### INSTRUCTIONS FOR THE TASK
The reply should hold only the lines from the one with "Ambo Azul Pantalon Flores Negras Fondo Beige" to the one with "I used 55 SMD", both ends kept, exactly as they appear below, without any pictures.

### INFORMATION SHOWN
★ ★ ★ ★ ★ ★ ★

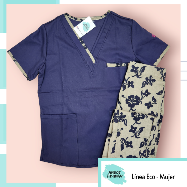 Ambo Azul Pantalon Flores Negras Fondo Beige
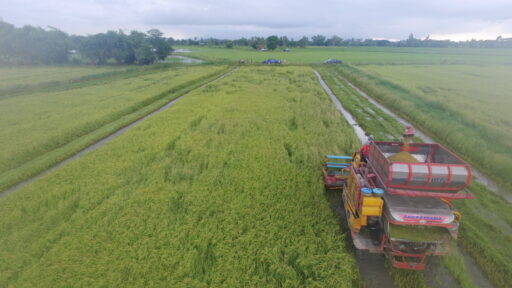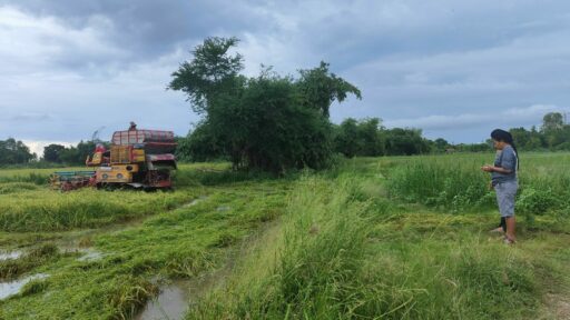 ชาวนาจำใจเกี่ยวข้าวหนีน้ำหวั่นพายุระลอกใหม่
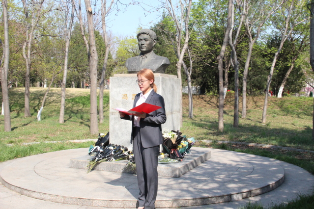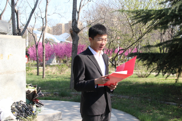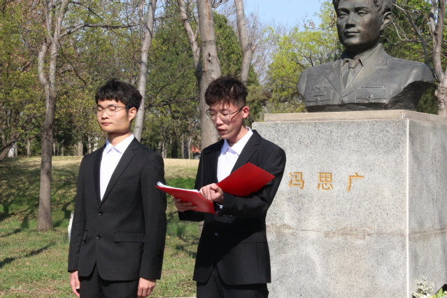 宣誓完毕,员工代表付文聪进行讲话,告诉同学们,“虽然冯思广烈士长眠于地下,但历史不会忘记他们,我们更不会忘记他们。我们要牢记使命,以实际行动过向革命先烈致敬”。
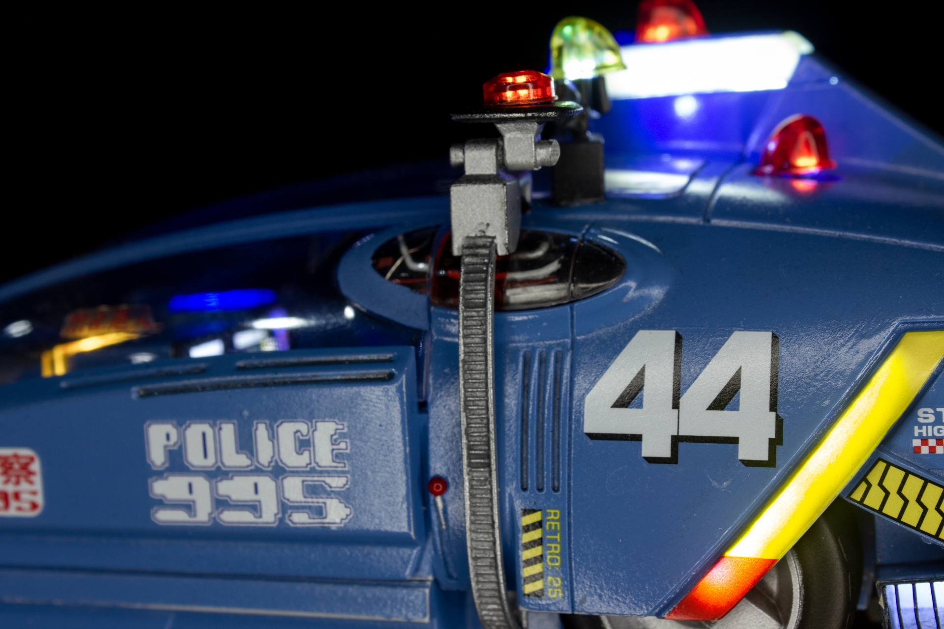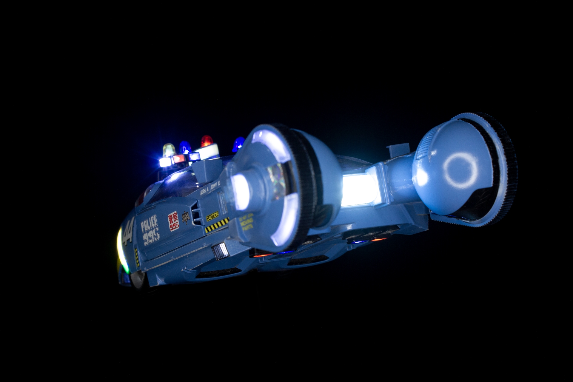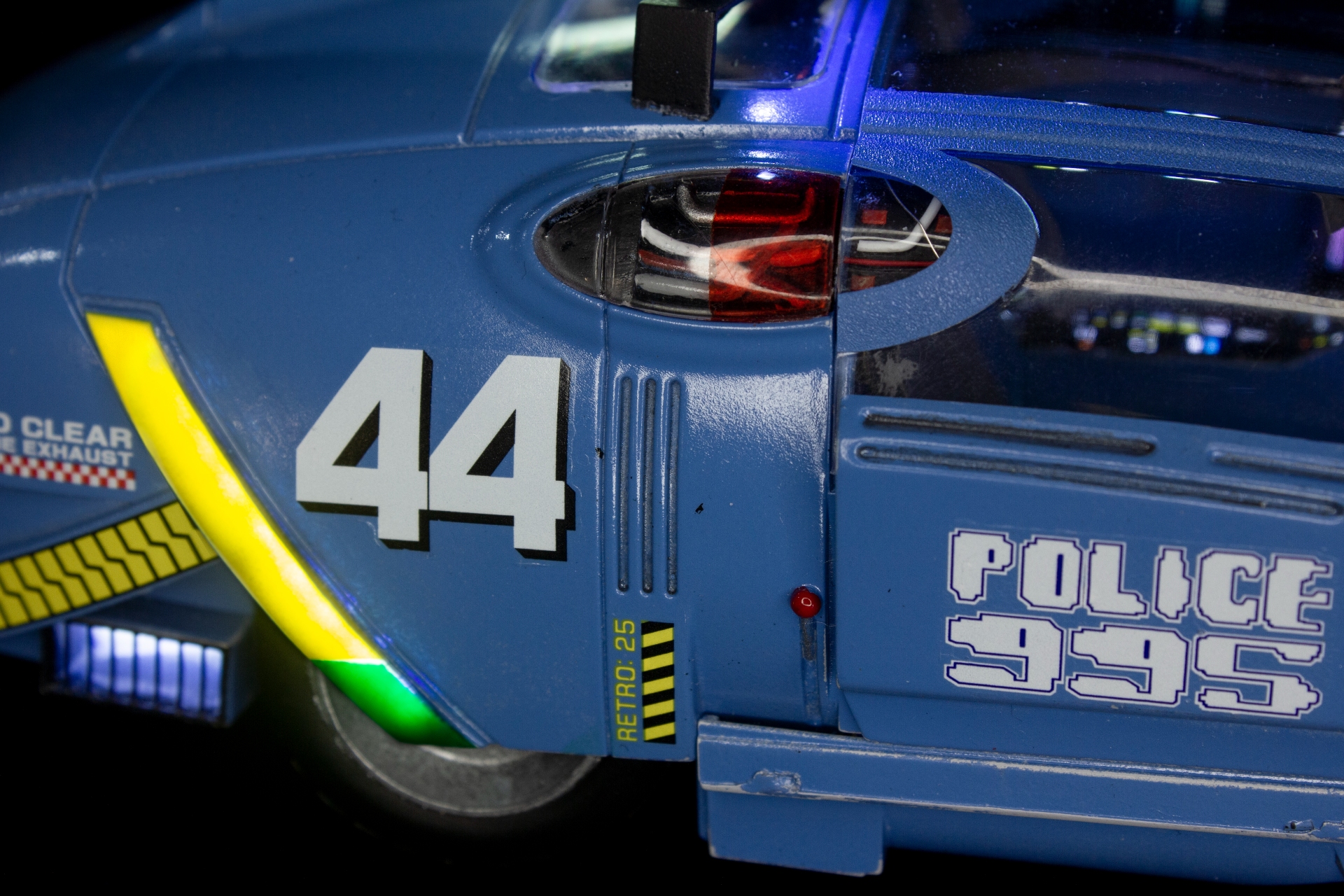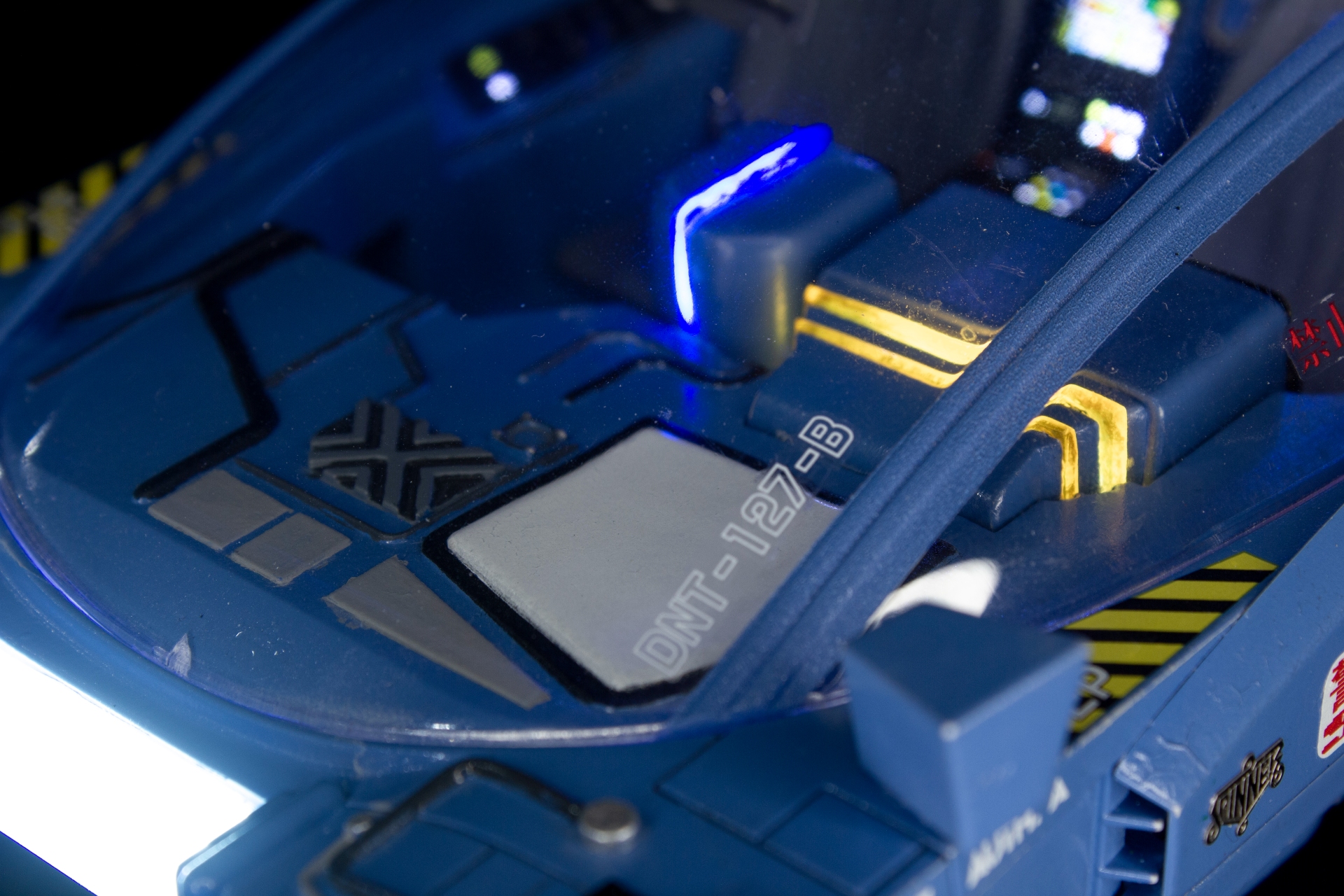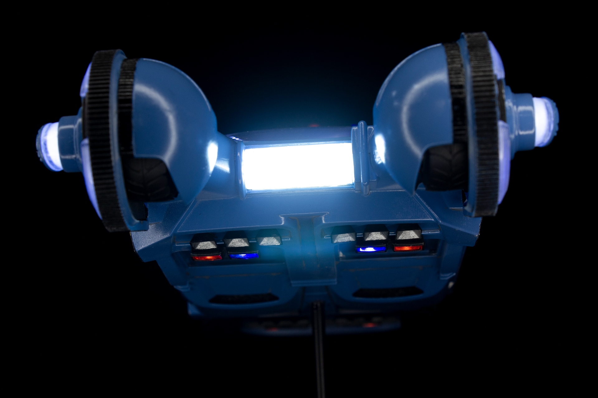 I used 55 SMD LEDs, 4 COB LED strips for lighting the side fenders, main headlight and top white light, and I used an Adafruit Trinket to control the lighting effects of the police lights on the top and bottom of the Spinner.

★ ★ ★ ★ ★ ★ ★

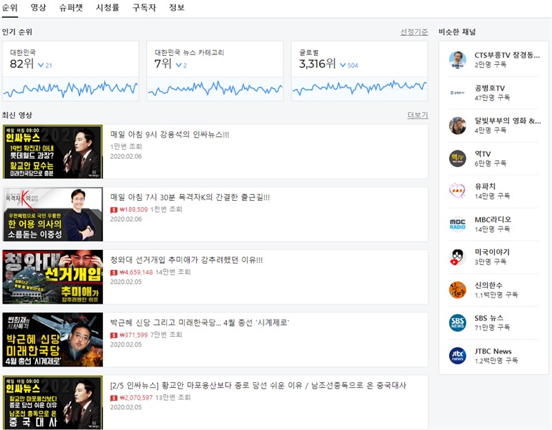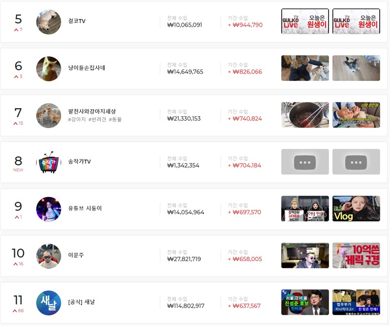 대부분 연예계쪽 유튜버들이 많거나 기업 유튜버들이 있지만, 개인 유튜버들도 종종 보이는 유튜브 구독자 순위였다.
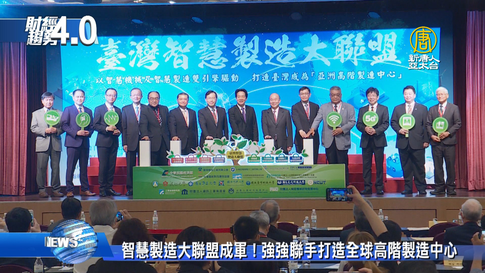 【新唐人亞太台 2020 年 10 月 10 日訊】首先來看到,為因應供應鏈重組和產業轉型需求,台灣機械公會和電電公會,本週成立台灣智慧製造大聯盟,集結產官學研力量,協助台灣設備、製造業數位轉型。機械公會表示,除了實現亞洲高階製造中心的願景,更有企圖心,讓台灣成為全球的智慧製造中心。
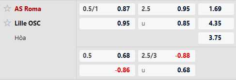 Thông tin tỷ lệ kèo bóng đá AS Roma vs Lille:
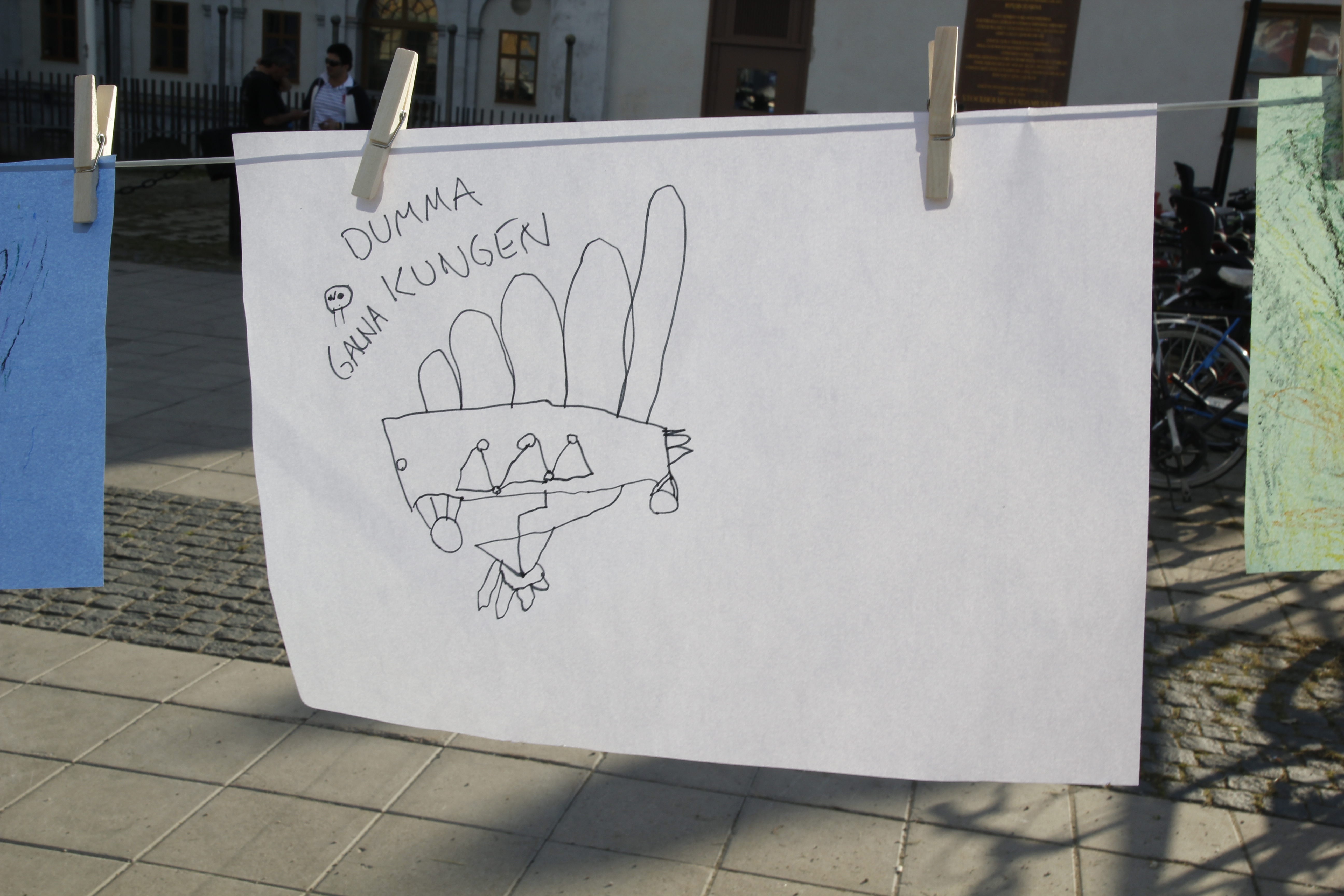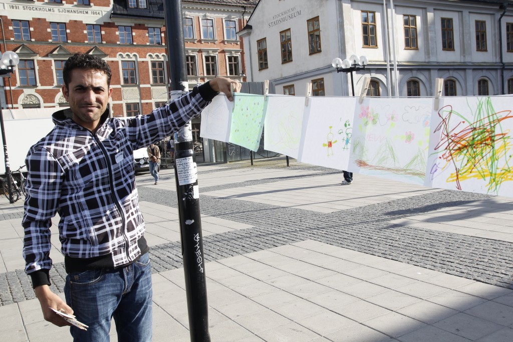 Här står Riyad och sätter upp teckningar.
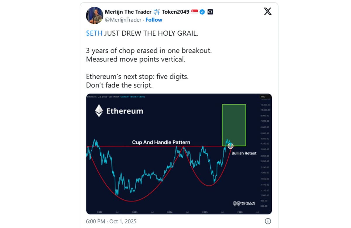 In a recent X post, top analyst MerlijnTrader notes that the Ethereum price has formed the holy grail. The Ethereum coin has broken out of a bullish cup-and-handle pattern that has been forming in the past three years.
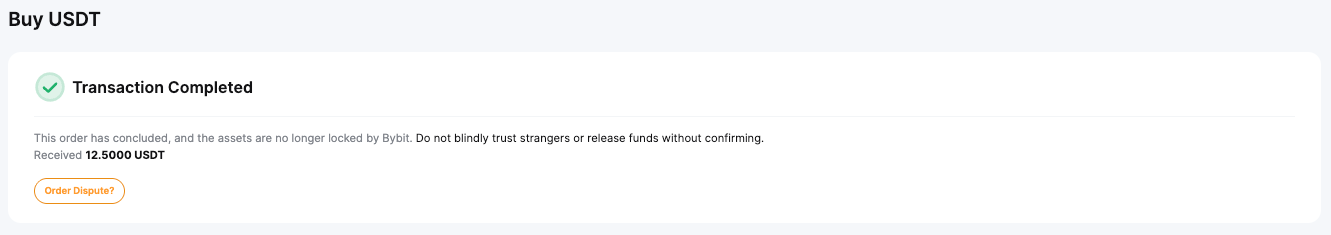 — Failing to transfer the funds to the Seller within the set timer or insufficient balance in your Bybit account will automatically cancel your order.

★ ★ ★ ★ ★ ★ ★

### THE ANSWER
 Ambo Azul Pantalon Flores Negras Fondo Beige
 ชาวนาจำใจเกี่ยวข้าวหนีน้ำหวั่นพายุระลอกใหม่
 宣誓完毕,员工代表付文聪进行讲话,告诉同学们,“虽然冯思广烈士长眠于地下,但历史不会忘记他们,我们更不会忘记他们。我们要牢记使命,以实际行动过向革命先烈致敬”。
 I used 55 SMD LEDs, 4 COB LED strips for lighting the side fenders, main headlight and top white light, and I used an Adafruit Trinket to control the lighting effects of the police lights on the top and bottom of the Spinner.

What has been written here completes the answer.